Marginal Consort--setting of the scene for collective improvisation
A form of sound that does not turn into music and a group that does not produce harmony; individual concepts and group fluidity; individuals who are at once independent entities and components of the whole; coexisting time frames and intersecting rhythms--these are among the images of group improvisation that have occupied my mind since the '70s. These images neither presuppose specific elements nor regulate the entire process. There always remain, however, the fundamental premises that sounds are separately produced phenomena and that their accumulation forms the whole.
In the period when I was thinking about individuals with originality, I learned that my old colleagues had (strangely enough) been working in somewhat diverse fields. How had their respective outlooks been shaped by the intervening 20 years? Each of these artists had continued to proceed from the same premise--that of eschewing musical and instrumental improvisation styles and starting with sound itself. I decided to ask them to join my project.
The participants place themselves far apart in order to clarify their respective methods and enlarge their performance areas. This called for a big space with a flat floor.
When people think of improvisation, which is made up of sounds, they think of playing music. But the activity that takes place here is not limited to playing. There are sounds, for instance, that result from certain actions, and actions that do not have sound production as their object. Furthermore, the sound production is not something directed towards other people; rather, it is the activity of listening and discovery on the part of the performers themselves.
Many people have been talking about listening in relation to sound and silence. If we take the position that this kind of listening involves much more than just the sense of hearing, we find that a wide variety of sounds come into view. Sounds go beyond the range of audibility and stimulate the human body. Listening (?) is not done with the ears alone. (Although the ears are open to sounds coming from all directions, the brain takes in only a limited amount of information.
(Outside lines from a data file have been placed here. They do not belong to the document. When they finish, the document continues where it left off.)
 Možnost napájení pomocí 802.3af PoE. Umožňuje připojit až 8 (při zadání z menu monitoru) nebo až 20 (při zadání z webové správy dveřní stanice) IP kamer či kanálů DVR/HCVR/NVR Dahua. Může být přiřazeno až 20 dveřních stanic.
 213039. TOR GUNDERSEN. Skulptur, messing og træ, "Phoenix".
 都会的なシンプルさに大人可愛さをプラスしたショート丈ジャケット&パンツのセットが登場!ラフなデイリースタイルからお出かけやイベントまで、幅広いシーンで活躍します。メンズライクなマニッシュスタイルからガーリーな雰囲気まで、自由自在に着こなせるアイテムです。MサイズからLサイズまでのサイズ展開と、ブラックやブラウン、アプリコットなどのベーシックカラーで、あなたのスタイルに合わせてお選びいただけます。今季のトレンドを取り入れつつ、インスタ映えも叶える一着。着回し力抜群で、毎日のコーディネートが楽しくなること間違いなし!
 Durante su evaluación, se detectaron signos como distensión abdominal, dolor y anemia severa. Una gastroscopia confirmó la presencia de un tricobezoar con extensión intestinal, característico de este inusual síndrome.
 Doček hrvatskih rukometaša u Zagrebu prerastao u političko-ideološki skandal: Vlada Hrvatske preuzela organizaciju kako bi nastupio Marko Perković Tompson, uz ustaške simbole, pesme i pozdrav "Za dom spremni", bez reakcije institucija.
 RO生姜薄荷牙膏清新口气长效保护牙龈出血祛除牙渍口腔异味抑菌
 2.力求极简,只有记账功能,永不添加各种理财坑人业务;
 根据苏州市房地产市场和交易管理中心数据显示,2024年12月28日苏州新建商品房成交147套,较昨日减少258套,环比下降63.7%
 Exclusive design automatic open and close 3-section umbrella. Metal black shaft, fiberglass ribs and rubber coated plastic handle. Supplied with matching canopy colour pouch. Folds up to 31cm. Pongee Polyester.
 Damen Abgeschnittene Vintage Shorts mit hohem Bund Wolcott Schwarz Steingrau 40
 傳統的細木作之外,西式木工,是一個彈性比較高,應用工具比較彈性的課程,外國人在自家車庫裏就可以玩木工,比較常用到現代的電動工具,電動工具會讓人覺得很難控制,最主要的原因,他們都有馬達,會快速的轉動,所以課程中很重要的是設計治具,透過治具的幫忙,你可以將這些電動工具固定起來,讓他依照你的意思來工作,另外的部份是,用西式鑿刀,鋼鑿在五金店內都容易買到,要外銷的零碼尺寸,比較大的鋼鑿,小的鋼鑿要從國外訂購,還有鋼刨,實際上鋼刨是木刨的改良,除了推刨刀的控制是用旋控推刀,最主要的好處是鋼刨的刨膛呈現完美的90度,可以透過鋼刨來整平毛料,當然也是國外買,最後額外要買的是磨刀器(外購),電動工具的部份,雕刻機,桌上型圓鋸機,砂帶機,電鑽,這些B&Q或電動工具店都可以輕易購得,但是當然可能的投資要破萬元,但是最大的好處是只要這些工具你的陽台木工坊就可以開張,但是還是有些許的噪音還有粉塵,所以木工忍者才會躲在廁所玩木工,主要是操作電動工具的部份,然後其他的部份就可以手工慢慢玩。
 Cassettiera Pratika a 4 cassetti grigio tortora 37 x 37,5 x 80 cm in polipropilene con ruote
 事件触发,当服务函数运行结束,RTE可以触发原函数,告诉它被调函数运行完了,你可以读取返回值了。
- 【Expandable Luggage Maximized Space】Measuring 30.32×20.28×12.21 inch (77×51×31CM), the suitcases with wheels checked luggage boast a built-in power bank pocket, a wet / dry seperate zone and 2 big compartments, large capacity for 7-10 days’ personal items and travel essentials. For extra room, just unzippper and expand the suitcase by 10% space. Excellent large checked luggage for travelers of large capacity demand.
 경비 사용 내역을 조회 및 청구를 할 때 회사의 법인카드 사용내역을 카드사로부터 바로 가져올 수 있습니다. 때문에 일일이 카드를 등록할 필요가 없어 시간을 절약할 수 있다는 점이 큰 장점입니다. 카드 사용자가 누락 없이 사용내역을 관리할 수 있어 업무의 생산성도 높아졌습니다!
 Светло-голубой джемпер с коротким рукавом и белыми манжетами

What is doing the selecting?) External stimuli are not restricted to specific organs; they are perceived by all of the sense organs (although certain organs predominate, no doubt, according to the nature of the stimulus). Thus, all stimuli are of equal value.
Individual speakers are placed next to each participant to accentuate the respective positions of and the differences between the performers. The main amp volume is fixed in order to equalize the maximum volume of all of the speakers. Then each performer, using his own mixer, adjusts his volume level as he sees fit. Thus, individual volume levels vary, but this poses no problem. In addition, the PA that puts everything together is either turned down as low as possible or turned off, to make clear the position of each performer.
The type of improvised music that originated in the '60s encompasses numerous styles and characteristics. One of these is improvisation liberated from instrumental language, which probably developed because the emergence of post-"cartridge music" live electronics, in particular amplification, made it possible to produce a wide array of sounds through easy manual operations. Marginal Consort is among the projects heavily influenced by this development; and yet it incorporates both electronic amplification and non-electronic elements in its highly physical performances.
The progression of actions, with their respective durations, does not always give rise to a common time frame. Some participants start sooner; others stop sooner. This is why we establish a time frame in advance.
Sounds generated by individual actions form and transform through repetition. Interference among members within the transformation leads to further transformation. These processes take time. And in the entire performance there may be only five minutes of beautiful time.
Marginal Consort was first held on October 18, 1997, from 4:00 to 8:00 p.m., at Asahi Art Square in Asakusa, Tokyo. (Parts of this performance are documented on PSFD-104 [CD; P.S.F. Records]).
Marginal Consort has taken place each year since. The performance time, for reasons having to do with the venue, was changed to three hours, but the length of these performances (from 2003 and 2004) was set at 140 minutes to fit the 2-CD format. Due to the special character of Marginal Consort, sound is heard differently from different places in the venue. For that reason, the performances were recorded with a one-point mike in a fixed position. I recommend experiencing Marginal Consort live at the venue.